Abi'm...
En güzel Abi'm...
Ağabey değil ama, abi; sende ağalık olmaz, olsa alası olur da senin ağalıkta beylikte gözün olmaz. Diyorum ya, güzel Abi'msin.
Seninle özellikle iki şey çok güzel yapılır.
Öncelikle seninle çok güzel rakı içilir güzel Abi'm. Sakalların gibi beyaza çalan anasonu, bıyıklarının arkasına saklamaya tenezzül etmediğin gülümsemeni meze ederek; bir de hayatın her saniyesine okkalı bir siktir çekerek yuvarlarsın. Bir de seninle rakı içmenin yeri yoktur be Abi'm. Seninle her an her yerde rakı içilir.
Seninle canın çekse de çekmese de rakı içilir be Abi; ama prensiplisin bira içmezsin mesela. Ama ben nerede olursak olalım bira içeyim dediğimde durur beni beklersin içene kadar. Ne kadar uzun sürerse sürsün "Hadi" demezsin. Eminim seninle rakı içerken çok güzel Ahmet Kaya da dinlenir. Daha hiç dinlemedik ama biliyorum ki dinlenir. Ha sevmesen bile benimle dinlersin be Abi. Öyle bir güzel Abi'sin işte sen.
10 üzerinden 14 numara adam'sın.
Bir de özellikle seninle çok güzel adam gömülür... Ama öyle alelade adam değil... Hayatımıza anlam katmış, kopamadığımız, ölse de elini bırakamadığımız, kokusunu unutamadığımız, gülüşünü beynimize kazıdığımız insanlardan bahsediyorum.
Mezarcı olmamana rağmen mezarcıların en naifi sensin Abi'm.

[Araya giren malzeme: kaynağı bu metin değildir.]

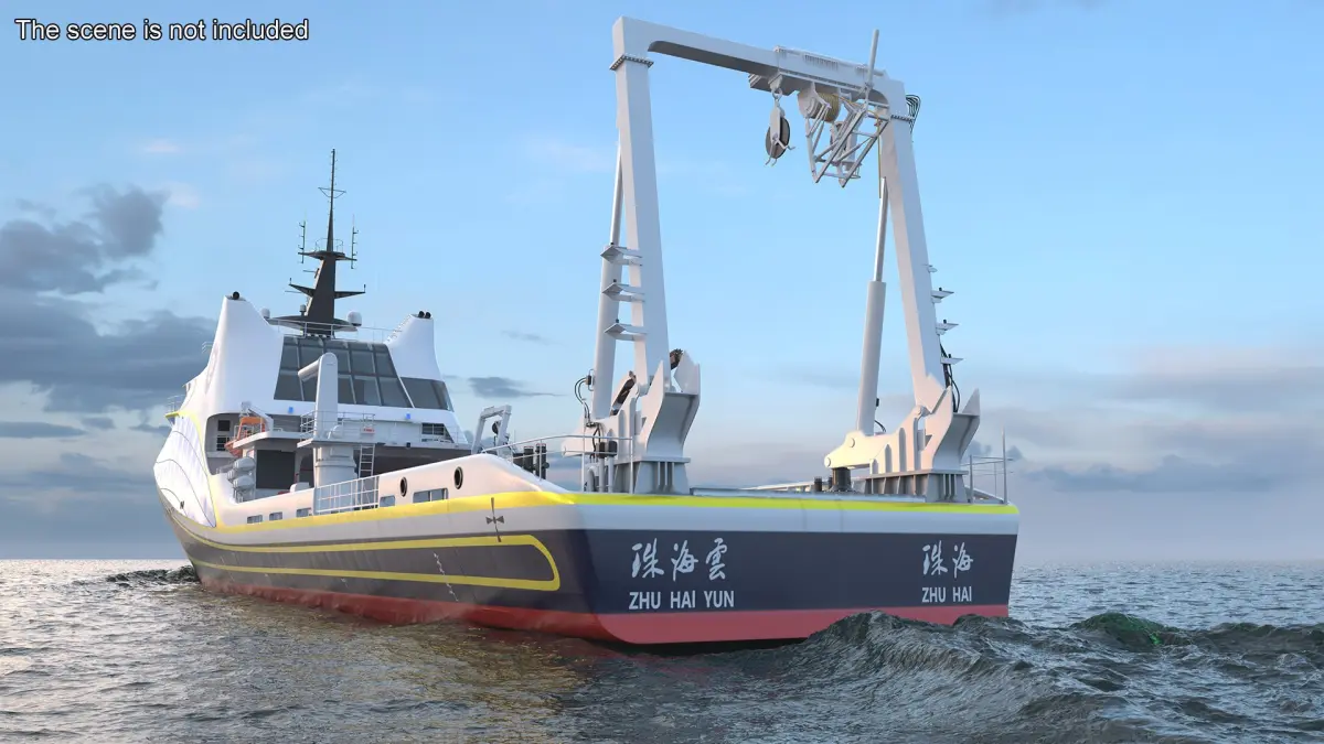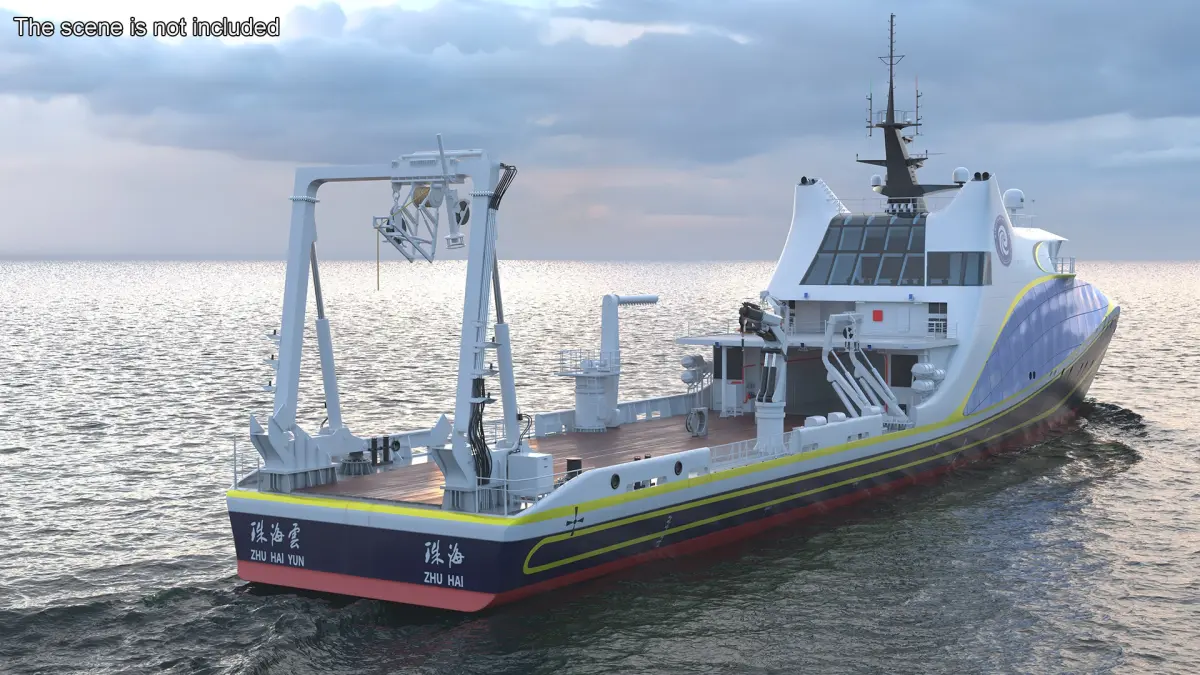 Zhu Hai Yun Ship for Transporting and Launching Drones is a 3D model of an advanced maritime vessel designed specifically for the transportation and deployment of aerial and underwater drones.
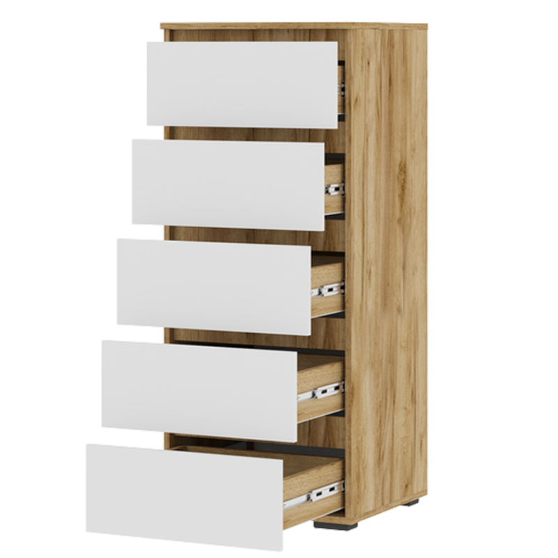 - Комод имеет пять вместительных ящиков для хранения различных предметов.

Birini kaybettiğimde, ağlarken "Ne ağlıyon oğlum vakti yok bu işin hepimiz ölücez işte lan pezevenk" dersin. Senden başkası söylese sana yemin ederim onu söyleyenin vücudunu tıp öğrencilerinin otopsi dersine hediye ederim. Sen söylersen ama, salya sümük ağlarken bile gülümserim.
Öyle bir adamsın çünkü sen. Sen güven verirsin. Bak Ekim geçti gönlüm ağrıdı, Mart geldi gönlüm ağrıyor. Her gönlüm ağrıdığında seninle mezar başında duruşumuzu hatırlarım. Herkes gidip de en son ben kaldığımda, beni ağzını açmadan, "hadi" demeden beklediğin, sonra da alıp anasona götürdüğün anları hatırlarım. Gönlüm bir nebze hafifler.
Seninle her mezara inilir Abi. Seninle her mezar kazılır ve seninle herkesin üzerine toprak atılır. Ölüm, ölenden geriye kalan insanların paylaşabileceği en özel bağlardan biridir; ve bazen en yakınındakiyle bile paylaşılamaz. Öyle gariptir ki aynı şeyi hissetmesen bile bağlayabilir bir ölüm seni bir başka insana.
Biz seninle 4 ölümle bağlandık. Hepsi de benimdi... Seninkinde ben senin yanında olamadım güzel Abi'm. Ama bilirim ki sitem etmezsin. Ama bundan sonra kim olursa olsun beraber... Sadece benim kayıplarımda değil yani.
Seninle ölümün üzerinde bağdaş kurulup çilingir sofrasında rakı içilir be Abi. Bunda öte bir bağ olabilir mi iki insan arasında? Senin öyle büyük ki gönlün, o üzerine rakı içtiğimiz ölümün çilingir sofrasında Azrail'e bile bir duble koyarsın. Daha birkaç saat önce canımızı acıtmış, canımızdan parça almış olması önemli değildir senin için... İnsansın çünkü sen; hayatımda gördüğüm en geniş gönüllü adamlardan birisin sen.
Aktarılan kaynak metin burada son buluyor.